The driver architecture is designed around two code paths:

  • the hot path is everything directly related to the execution of requests: encoding/decoding driver types to/from low-level binary payloads, and network I/O. This is where the driver spends most of its cycles in a typical application: when we have to make design tradeoffs, performance is always the priority. Hot code runs on 3 categories of threads:
    • your application’s thread for the construction of statements;
    • the driver’s “I/O” event loop group for encoding/decoding and network I/O. You can configure it with the options in
    • the driver’s “timer” thread for request timeouts and speculative executions. See datastax-java-driver.advanced.netty.timer.
  • the cold path is for all administrative tasks: managing the control connection, parsing metadata, reacting to cluster events (node going up/down, getting added/removed, etc), and scheduling periodic events (reconnections, reloading the configuration). Comparatively, these tasks happen less often, and are less critical (for example, stale schema metadata is not a blocker for request execution). They are scheduled on a separate “admin” event loop group, controlled by the options in datastax-java-driver.advanced.netty.admin-group.

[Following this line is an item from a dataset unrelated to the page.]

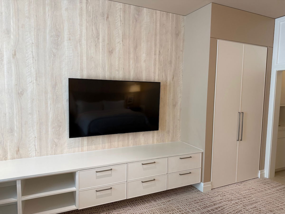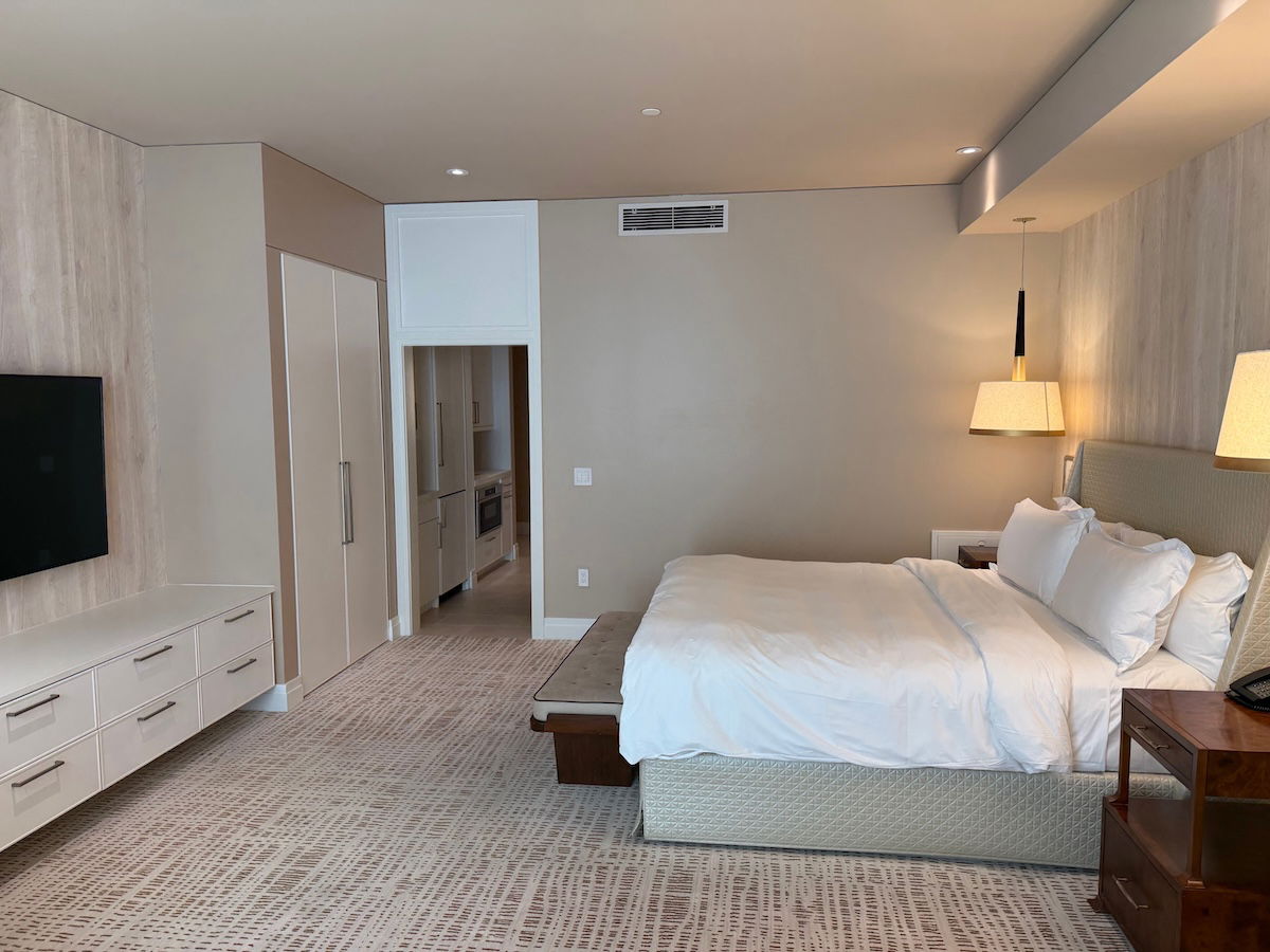 The room boasted a really comfortable king size bed, with a plush mattress and large pillows. The room then had a wall-mounted TV with a bunch of closet space across from the bed, plus an L-shaped couch and a desk with two chairs at the far end of the room.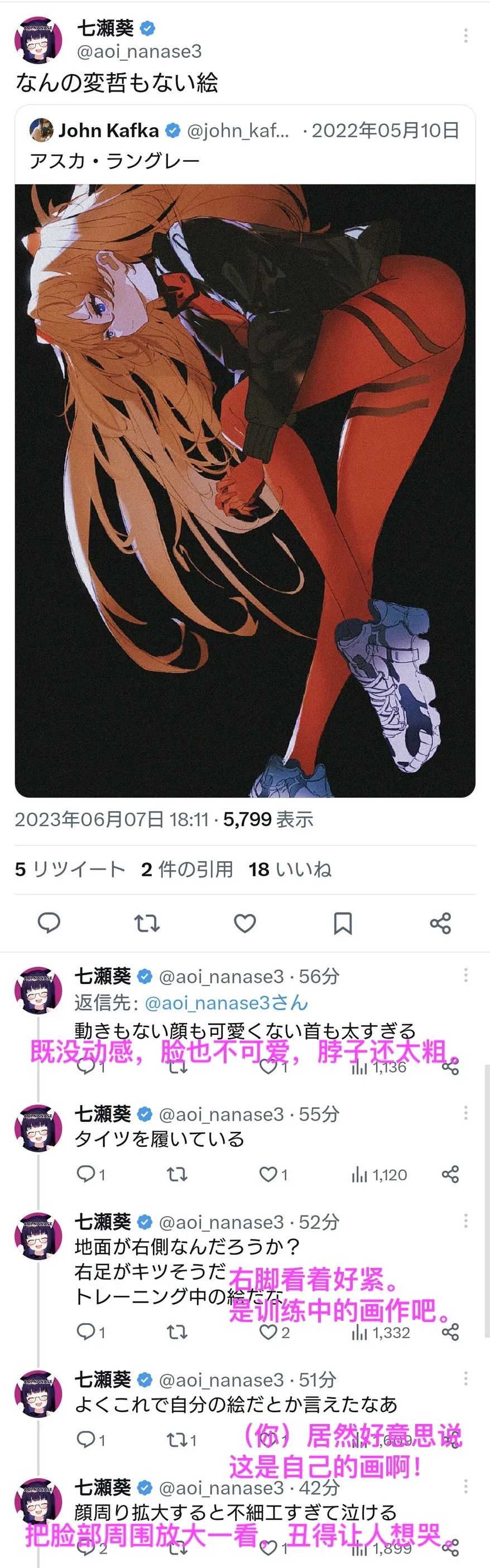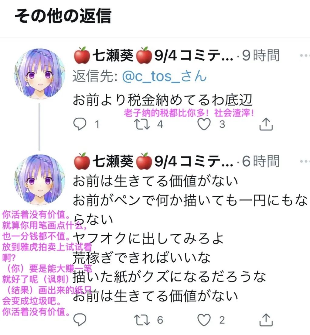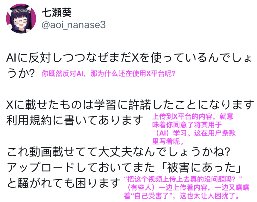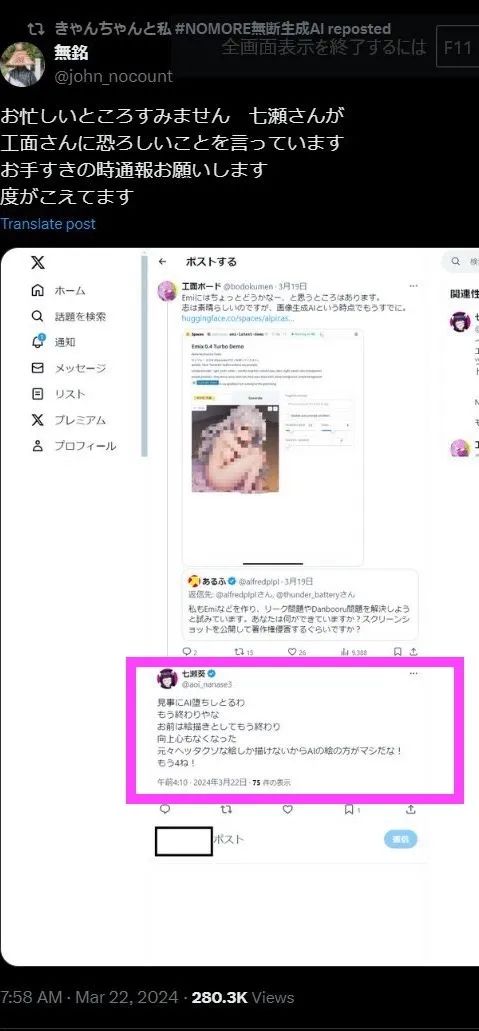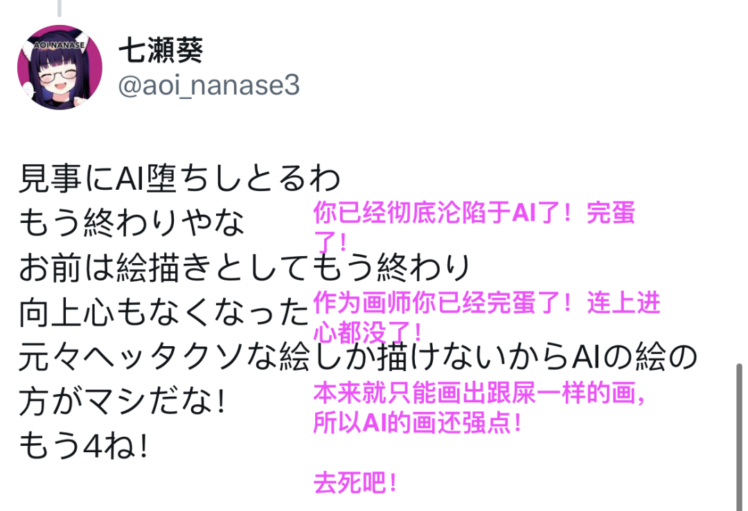 雖然很多貼子被刪除,但仍就不難看出,七瀨葵現在的【X】賬號儼然成為了一個為了維護AI創作,進行無差別爭吵和網絡霸凌的平台,言語甚至一度上升到死亡威脅。

By default, the number of I/O threads is set to Runtime.getRuntime().availableProcessors() * 2, and the number of admin threads to 2. It’s hard to give one-size-fits-all recommendations because every case is different, but you might want to try lowering I/O threads, especially if your application already creates a lot of threads on its side.

Note that you can gain more fine-grained control over thread pools via the internal API (look at the NettyOptions interface). In particular, it is possible to reuse the same event loop group for I/O, admin tasks, and even your application code (the driver’s internal code is fully asynchronous so it will never block any thread). The timer is the only one that will have to stay on a separate thread.